::: STORED DATA

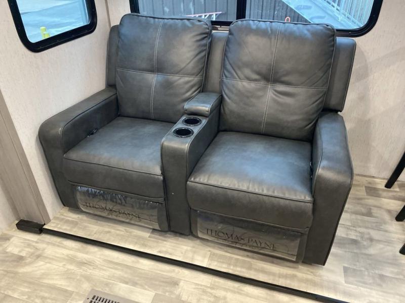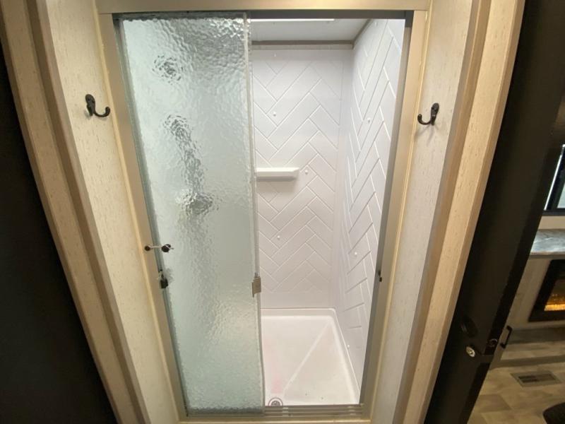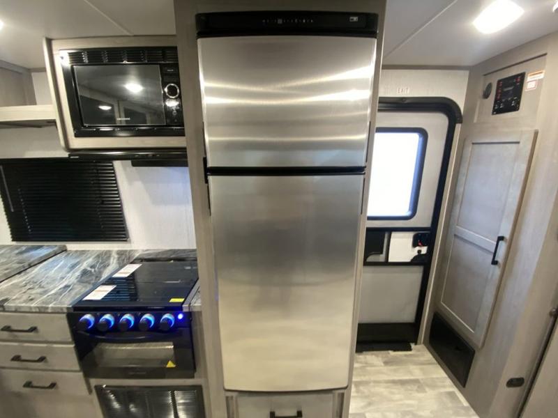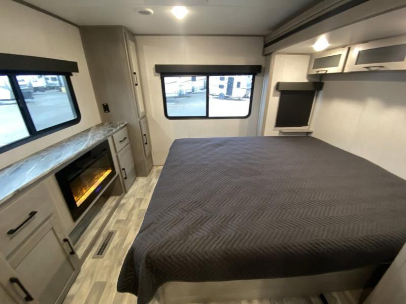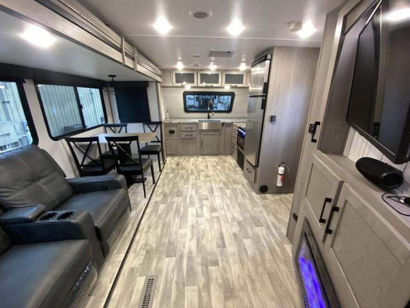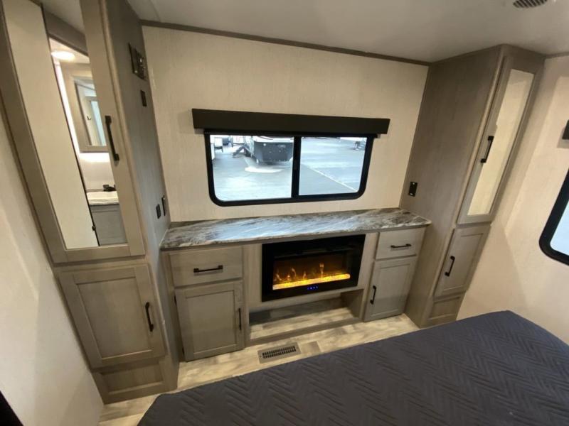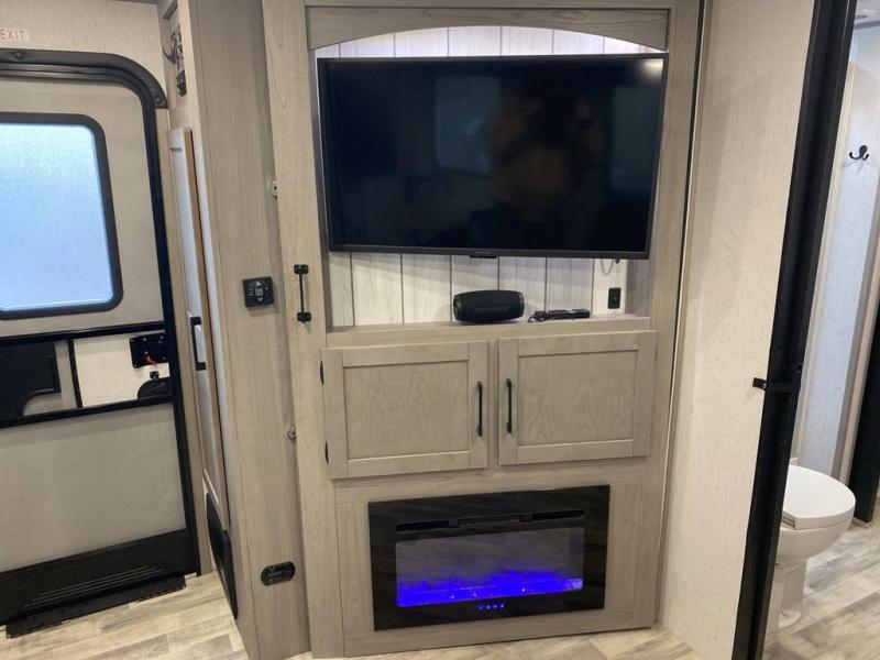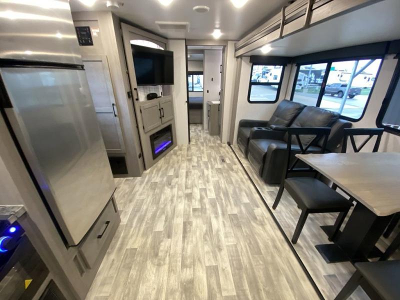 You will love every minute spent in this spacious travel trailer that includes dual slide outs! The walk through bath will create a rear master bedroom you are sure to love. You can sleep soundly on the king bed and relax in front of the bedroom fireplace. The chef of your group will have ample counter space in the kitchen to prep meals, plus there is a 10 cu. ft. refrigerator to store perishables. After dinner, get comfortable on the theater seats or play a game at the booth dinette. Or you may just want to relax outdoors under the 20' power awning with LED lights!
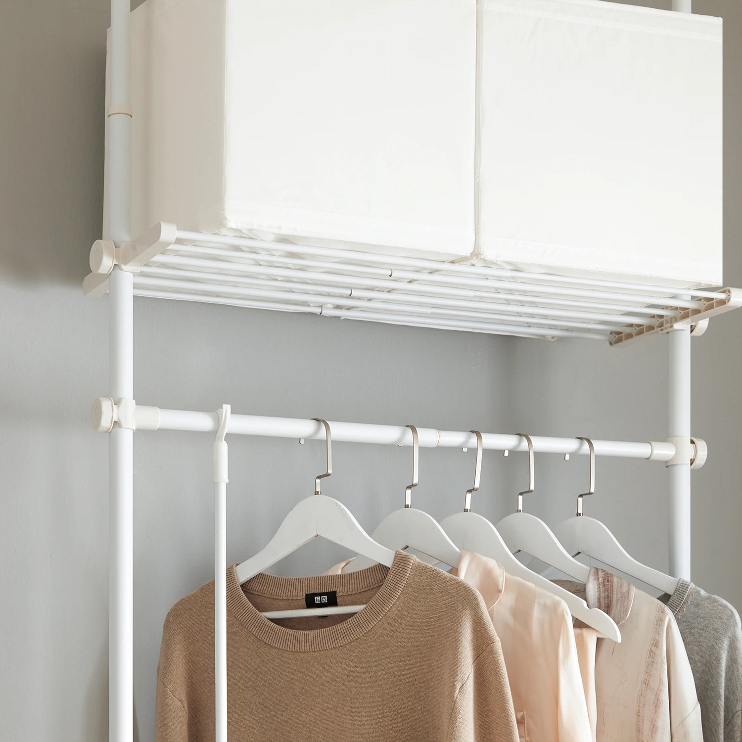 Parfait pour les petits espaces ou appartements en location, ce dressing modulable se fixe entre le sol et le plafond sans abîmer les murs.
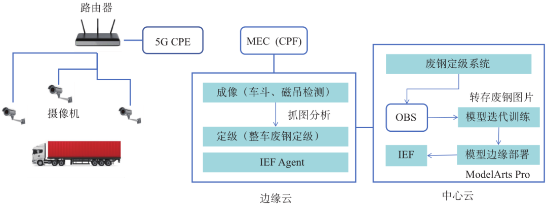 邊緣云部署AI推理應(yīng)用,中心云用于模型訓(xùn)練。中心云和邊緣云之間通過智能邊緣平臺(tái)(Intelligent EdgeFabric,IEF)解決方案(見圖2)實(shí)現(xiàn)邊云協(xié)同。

::::::
::: STORED DATA

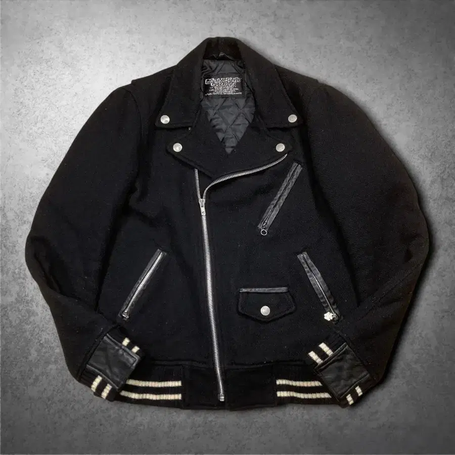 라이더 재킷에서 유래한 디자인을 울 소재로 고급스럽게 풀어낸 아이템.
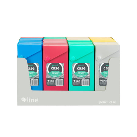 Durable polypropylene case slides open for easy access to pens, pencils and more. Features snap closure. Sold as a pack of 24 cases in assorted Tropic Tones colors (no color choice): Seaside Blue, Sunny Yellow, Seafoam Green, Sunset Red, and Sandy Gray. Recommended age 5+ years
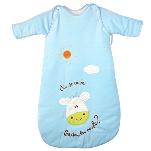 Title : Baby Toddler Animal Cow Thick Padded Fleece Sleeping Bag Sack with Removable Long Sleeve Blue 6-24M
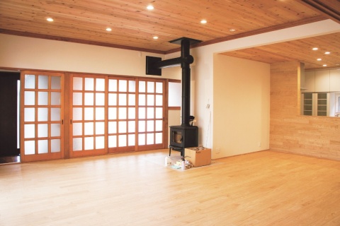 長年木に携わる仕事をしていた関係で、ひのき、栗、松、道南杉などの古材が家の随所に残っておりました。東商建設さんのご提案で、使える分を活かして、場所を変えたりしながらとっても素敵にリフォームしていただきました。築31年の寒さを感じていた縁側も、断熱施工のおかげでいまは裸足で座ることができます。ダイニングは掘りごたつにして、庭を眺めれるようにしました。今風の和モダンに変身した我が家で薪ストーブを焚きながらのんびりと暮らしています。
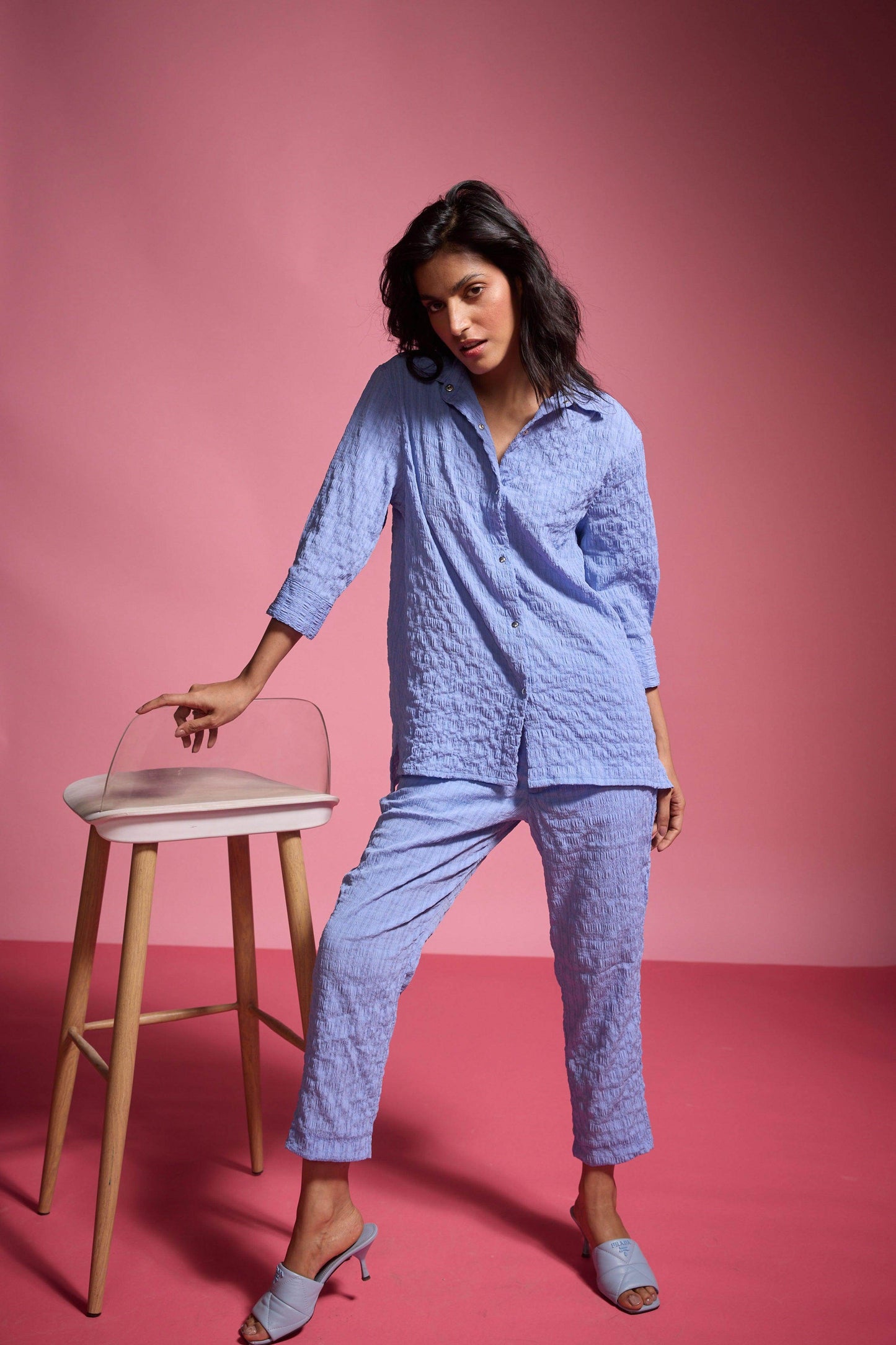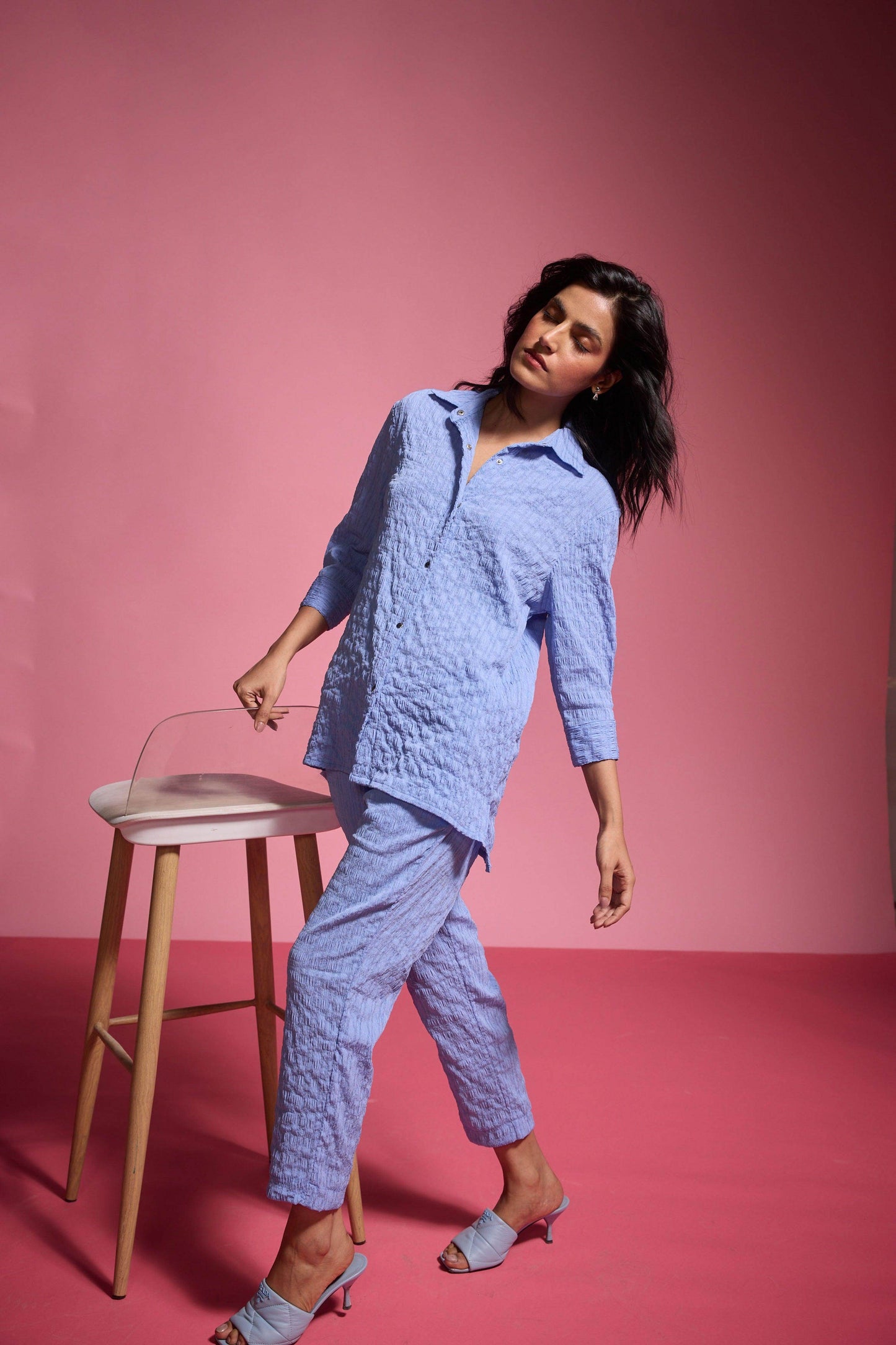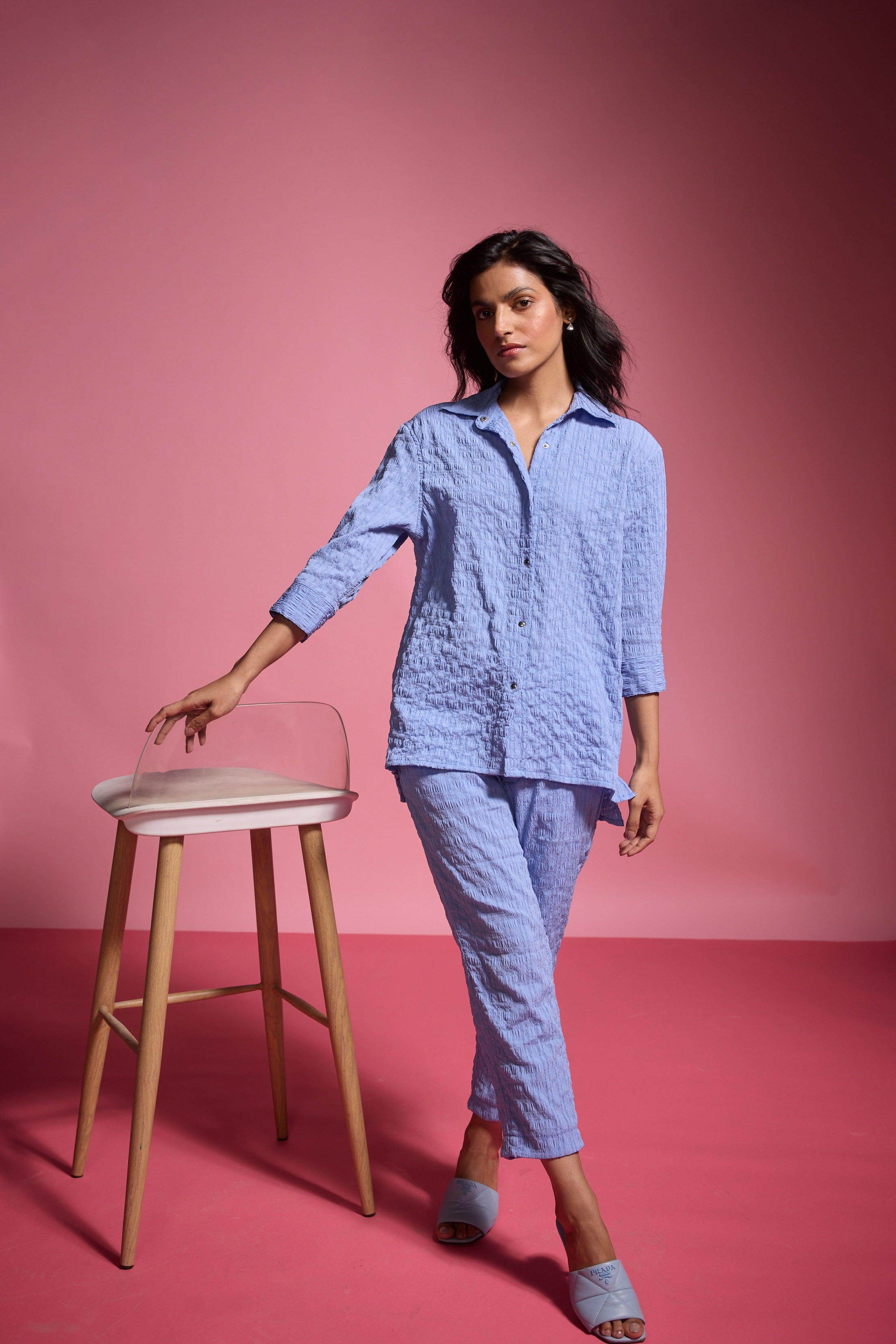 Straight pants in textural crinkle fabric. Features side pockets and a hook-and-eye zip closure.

::::::
::: STORED DATA

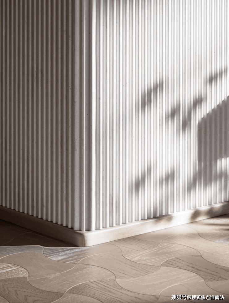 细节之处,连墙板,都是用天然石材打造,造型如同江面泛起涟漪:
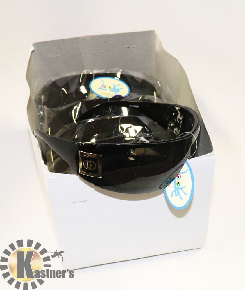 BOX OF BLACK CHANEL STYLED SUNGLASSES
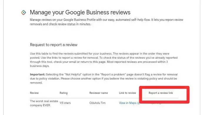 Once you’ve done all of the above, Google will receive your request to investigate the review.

::::::

THE PROBLEM:
Nothing outside the stretch above, from the line with "You will love" through the line with "邊緣云部署AI推理應(yīn", is set down. Transcribe that stretch exactly, ends included, but not its pictures.

SOLUTION:
 You will love every minute spent in this spacious travel trailer that includes dual slide outs! The walk through bath will create a rear master bedroom you are sure to love. You can sleep soundly on the king bed and relax in front of the bedroom fireplace. The chef of your group will have ample counter space in the kitchen to prep meals, plus there is a 10 cu. ft. refrigerator to store perishables. After dinner, get comfortable on the theater seats or play a game at the booth dinette. Or you may just want to relax outdoors under the 20' power awning with LED lights!
 Parfait pour les petits espaces ou appartements en location, ce dressing modulable se fixe entre le sol et le plafond sans abîmer les murs.
 邊緣云部署AI推理應(yīng)用,中心云用于模型訓(xùn)練。中心云和邊緣云之間通過智能邊緣平臺(tái)(Intelligent EdgeFabric,IEF)解決方案(見圖2)實(shí)現(xiàn)邊云協(xié)同。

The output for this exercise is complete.